_Data for review_
──────────────────────────────
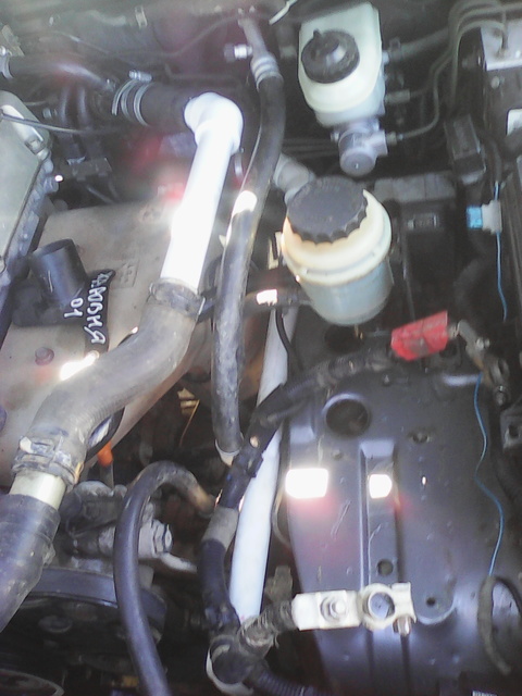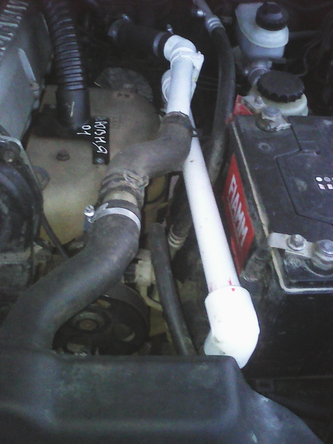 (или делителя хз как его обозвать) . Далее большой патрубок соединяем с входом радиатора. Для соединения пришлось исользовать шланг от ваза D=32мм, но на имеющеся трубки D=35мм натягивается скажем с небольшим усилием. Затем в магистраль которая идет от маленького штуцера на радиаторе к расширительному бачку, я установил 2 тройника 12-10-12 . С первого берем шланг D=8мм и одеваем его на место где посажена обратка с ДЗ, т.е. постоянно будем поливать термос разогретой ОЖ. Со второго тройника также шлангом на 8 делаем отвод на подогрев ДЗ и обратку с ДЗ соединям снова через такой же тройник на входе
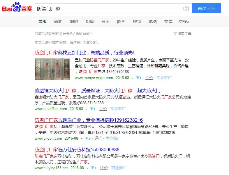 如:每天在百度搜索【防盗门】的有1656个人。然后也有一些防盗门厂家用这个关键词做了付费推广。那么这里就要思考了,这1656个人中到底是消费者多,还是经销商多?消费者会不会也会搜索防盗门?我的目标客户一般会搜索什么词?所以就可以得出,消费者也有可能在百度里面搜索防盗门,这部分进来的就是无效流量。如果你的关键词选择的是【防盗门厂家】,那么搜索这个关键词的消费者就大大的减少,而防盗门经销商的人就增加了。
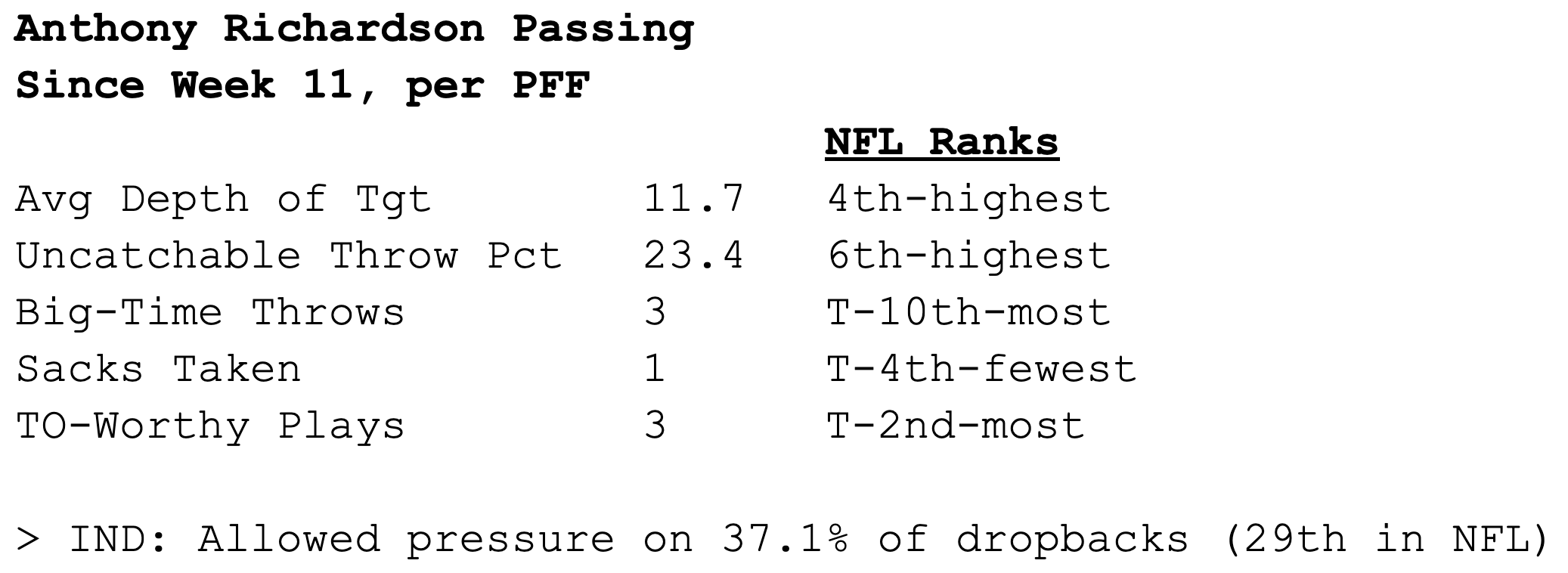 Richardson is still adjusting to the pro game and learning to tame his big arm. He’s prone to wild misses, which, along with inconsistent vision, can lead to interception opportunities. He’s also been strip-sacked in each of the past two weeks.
──────────────────────────────
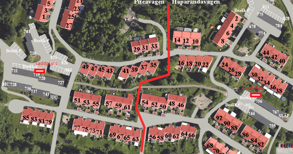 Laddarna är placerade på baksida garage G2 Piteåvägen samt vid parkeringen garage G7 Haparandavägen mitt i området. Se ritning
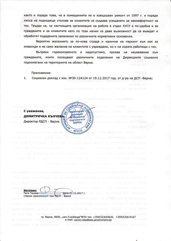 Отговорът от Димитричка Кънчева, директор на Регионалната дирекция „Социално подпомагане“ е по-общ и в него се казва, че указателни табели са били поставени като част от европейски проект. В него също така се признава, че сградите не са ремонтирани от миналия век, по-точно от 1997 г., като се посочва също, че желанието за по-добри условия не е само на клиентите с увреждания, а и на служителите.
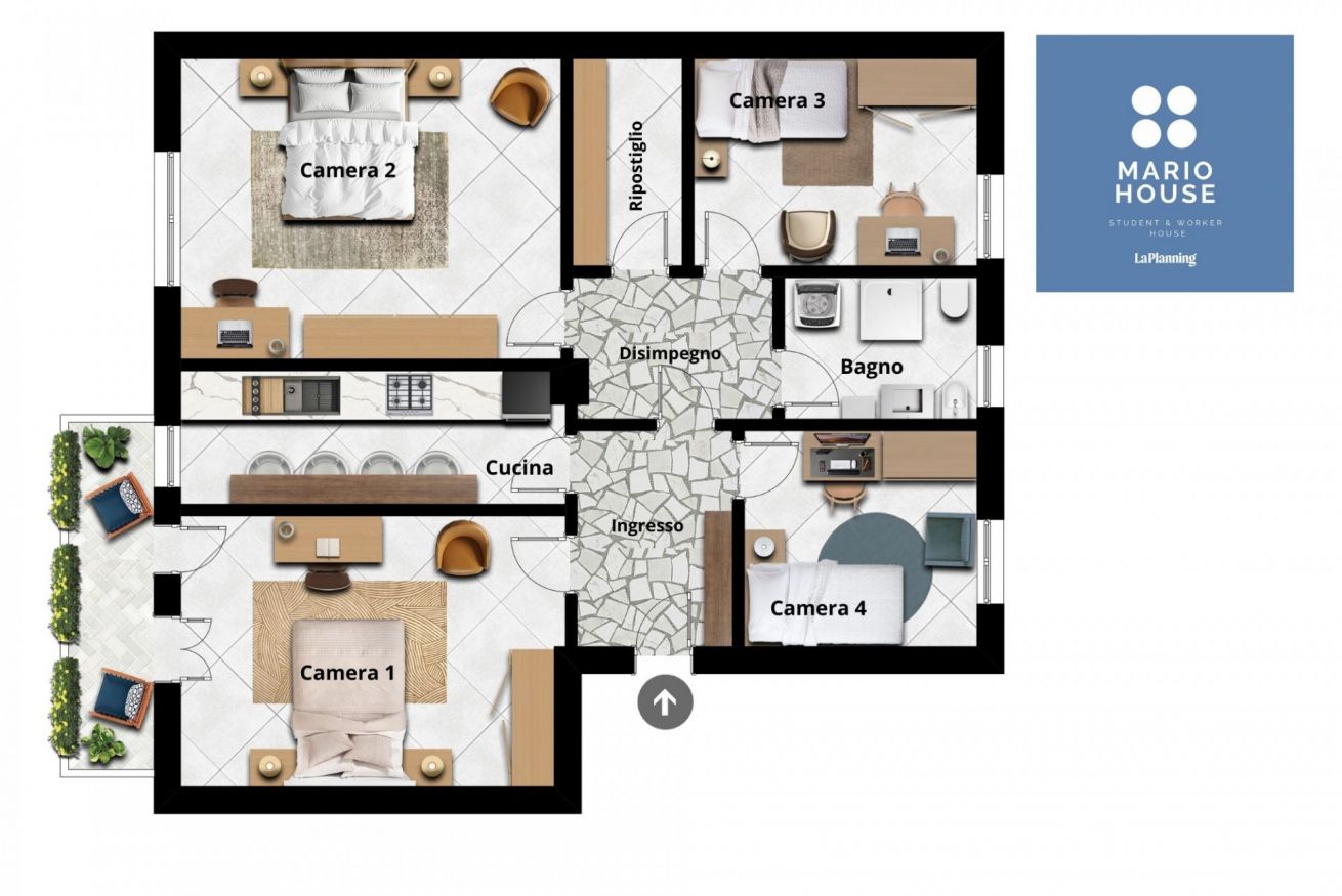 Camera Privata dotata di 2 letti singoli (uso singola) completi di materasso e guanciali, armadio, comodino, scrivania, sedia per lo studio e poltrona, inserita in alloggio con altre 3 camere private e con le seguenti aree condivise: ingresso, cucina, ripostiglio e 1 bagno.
──────────────────────────────
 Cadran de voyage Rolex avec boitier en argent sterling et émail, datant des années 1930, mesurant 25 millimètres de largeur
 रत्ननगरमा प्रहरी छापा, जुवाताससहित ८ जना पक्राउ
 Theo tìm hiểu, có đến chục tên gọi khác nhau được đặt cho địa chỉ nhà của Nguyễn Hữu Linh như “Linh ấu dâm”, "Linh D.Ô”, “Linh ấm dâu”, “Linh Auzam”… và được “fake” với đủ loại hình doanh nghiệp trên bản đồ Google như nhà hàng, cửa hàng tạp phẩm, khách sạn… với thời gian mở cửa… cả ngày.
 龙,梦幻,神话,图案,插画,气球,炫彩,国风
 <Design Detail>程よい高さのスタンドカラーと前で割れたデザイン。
──────────────────────────────
_What is expected_
After locating "(или делителя хз" and "Richardson is still" in the records above, return exactly the line holding each one and every line between them; leave out the pictures.

_Exercise result_
 (или делителя хз как его обозвать) . Далее большой патрубок соединяем с входом радиатора. Для соединения пришлось исользовать шланг от ваза D=32мм, но на имеющеся трубки D=35мм натягивается скажем с небольшим усилием. Затем в магистраль которая идет от маленького штуцера на радиаторе к расширительному бачку, я установил 2 тройника 12-10-12 . С первого берем шланг D=8мм и одеваем его на место где посажена обратка с ДЗ, т.е. постоянно будем поливать термос разогретой ОЖ. Со второго тройника также шлангом на 8 делаем отвод на подогрев ДЗ и обратку с ДЗ соединям снова через такой же тройник на входе
 如:每天在百度搜索【防盗门】的有1656个人。然后也有一些防盗门厂家用这个关键词做了付费推广。那么这里就要思考了,这1656个人中到底是消费者多,还是经销商多?消费者会不会也会搜索防盗门?我的目标客户一般会搜索什么词?所以就可以得出,消费者也有可能在百度里面搜索防盗门,这部分进来的就是无效流量。如果你的关键词选择的是【防盗门厂家】,那么搜索这个关键词的消费者就大大的减少,而防盗门经销商的人就增加了。
 Richardson is still adjusting to the pro game and learning to tame his big arm. He’s prone to wild misses, which, along with inconsistent vision, can lead to interception opportunities. He’s also been strip-sacked in each of the past two weeks.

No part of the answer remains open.